I followed your method that described in your paper "a ground truth bounding box. During training, we com- pare ground truth bounding boxes with all anchors and as- sign them to the anchors that have the largest overlap (IOU) with each of them. The reason is that we want to select the “closest” anchor to match the ground truth box such that the transformation needed is reduced to minimum. Iijk evalu- ates to 1 if the k-th anchor at position-(i, j) has the largest overlap with a ground truth box, and to 0 if no ground truth is assigned to it. This way, we only include the loss gener- ated by the “responsible” anchors. As there can be multiple objects per image, we normalize the loss by dividing it by the number of objects." so that each ground truth has one anchor. but I could find that some of them has under 0.1 top IOU and this leads big loss convergence(minimum loss is near 3 which is bigger than other box matching method that loss is near 1). And I also found that your anchors from KITTI bbox distribution, but I think they are good for KITTI, not general case. I assigned the anchors as (30,30), (20,40), (17,50), (40,20), (17,50) (60,60), (40,80), (35,100), (80, 40), (100, 35) (120,120)... (200,200)... (300,300)... , for more general case.

Thanks.

— You are receiving this because you are subscribed to this thread. Reply to this email directly, view it on GitHub https://github.com/BichenWuUCB/squeezeDet/issues/53#issuecomment-307265162, or mute the thread https://github.com/notifications/unsubscribe-auth/AN_wJoUrsKEMfcwD0Ui-yUOJUEAtNTVtks5sCJXSgaJpZM4Nz-Lm .

bhyim516 commented 7 years ago

@AndreaPisoni Yes, it will perform well for KITTI, but it is not good for in general case. I think anchor boxes should be simple with a lot of data and I'm considering more general case. Thanks for your comment

BichenWuUCB commented 7 years ago

@ByeonghakYim

so that each ground truth has one anchor. but I could find that some of them has under 0.1 top IOU

I wonder what is the reason why the top matched anchor only has an IOU of 0.1 with the ground truth. I can think of the following reasons:

In your case, does it fall into any of the above situation?
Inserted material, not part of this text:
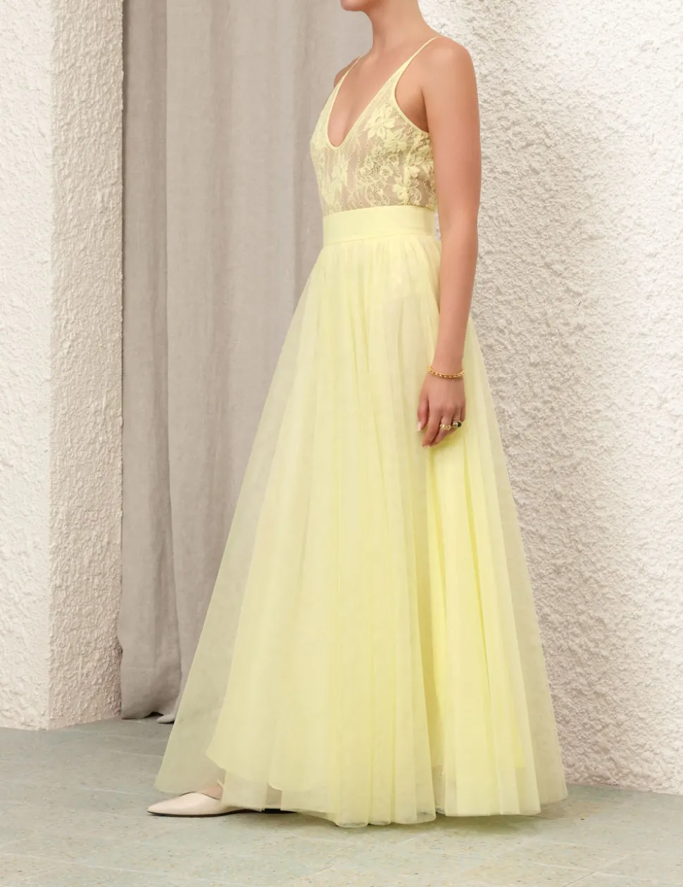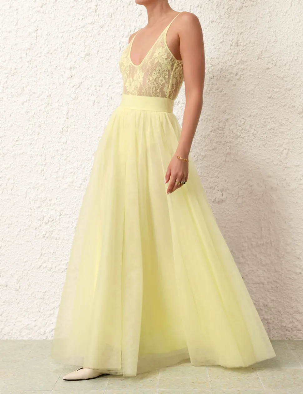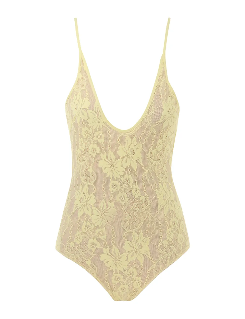 The Scoop Neck Bodysuit In Lemon From Our Resort 2024 Collection, Matchmaker. A Lace Bodysuit Featuring A Scoop Neck And Back, Finished With Adjustable Straps.- Stretch Lace

ByeonghakYim commented 7 years ago

@BichenWuUCB Thanks, there was some mistakes and I solved that problem. But I've got another question. There can be one anchor box has multiple ground truth matching. In this case, how do you propagate the loss to that anchor box during the backpropagation?

BichenWuUCB commented 7 years ago

An anchor is not going to be matched with multiple ground truth boxes. At this line and below, you can see how this is handled.

ByeonghakYim commented 7 years ago

@BichenWuUCB Thanks. This part should be prevention of the issue.

if ov_idx not in aidx_set: aidx_set.add(ov_idx) aidx = ov_idx if mc.DEBUG_MODE: max_iou = max(overlaps[ov_idx], max_iou) min_iou = min(overlaps[ov_idx], min_iou) avg_ious += overlaps[ov_idx] num_objects += 1 break

I have one more question. I'm sorry for many question. I think if there are many overlapped ground truth, some of them cannot optimal anchor matching and it will lead to very big localization offset. I could find you use minimum distance to match boxes if there are only 0 IOU and I think this also will lead same problem. I was just wondering if it is not a problem. You have much more experience on object detection than me and I would like to know your opinion. Thanks.

bayesian-mind commented 4 years ago

@BichenWuUCB Thanks, there was some mistakes and I solved that problem. But I've got another question. There can be one anchor box has multiple ground truth matching. In this case, how do you propagate the loss to that anchor box during the backpropagation?

@ByeonghakYim How did you end up solving your issue?

peek1999 commented 4 years ago

@BichenWuUCB Thanks, there was some mistakes and I solved that problem. But I've got another question. There can be one anchor box has multiple ground truth matching. In this case, how do you propagate the loss to that anchor box during the backpropagation?

@ByeonghakYim How did you end up solving your issue?

one anchor box is not supposed to match with multiple ground truth images in an image. Since one anchor box corresponds to only one model prediction, it should be matched with only one ground truth box. You can either match it to anyone out of the possible matches or use the ground truth box that has the highest IoU.